*** INFORMATION PROVIDED ***

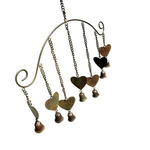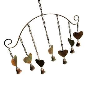 Vintage Metal Copper HEART COW BELLS WIND CHIME folk art yard
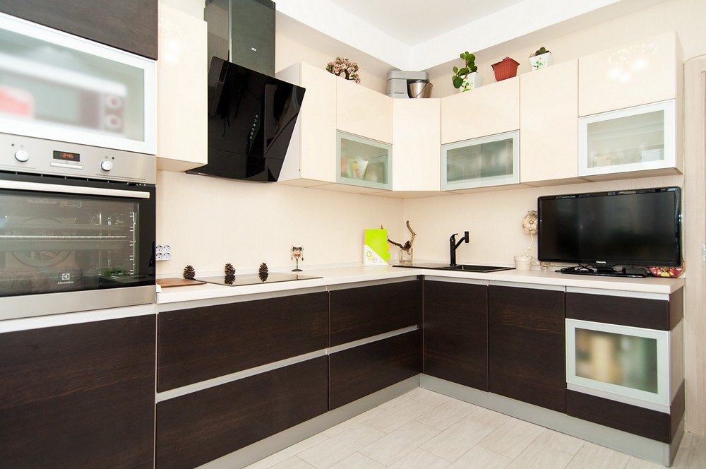 Для тех, кто ценит удобство и функциональность. Главным элементом дизайна такой кухни станет современная бытовая техника. Выбирать следует модели светлых оттенков, прятать их за фасадами мебели нет необходимости.
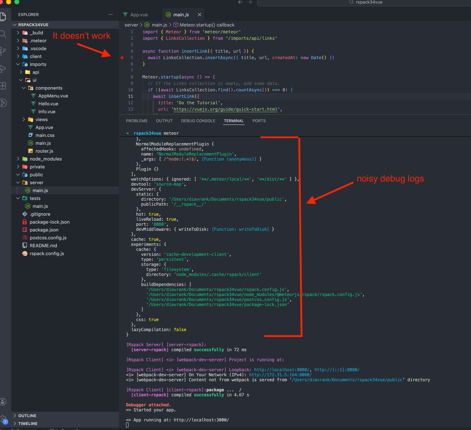 If yo create a meteor app that donāt uses rspack (e.g. meteor create meteorvue --vue), it works. Here is the evidence:

***

WHAT TO PRODUCE -> A verbatim retyping of the listing, without any pictures, is the expected answer.

ANSWER SPACE ->
 Vintage Metal Copper HEART COW BELLS WIND CHIME folk art yard
 Для тех, кто ценит удобство и функциональность. Главным элементом дизайна такой кухни станет современная бытовая техника. Выбирать следует модели светлых оттенков, прятать их за фасадами мебели нет необходимости.
 If yo create a meteor app that donāt uses rspack (e.g. meteor create meteorvue --vue), it works. Here is the evidence:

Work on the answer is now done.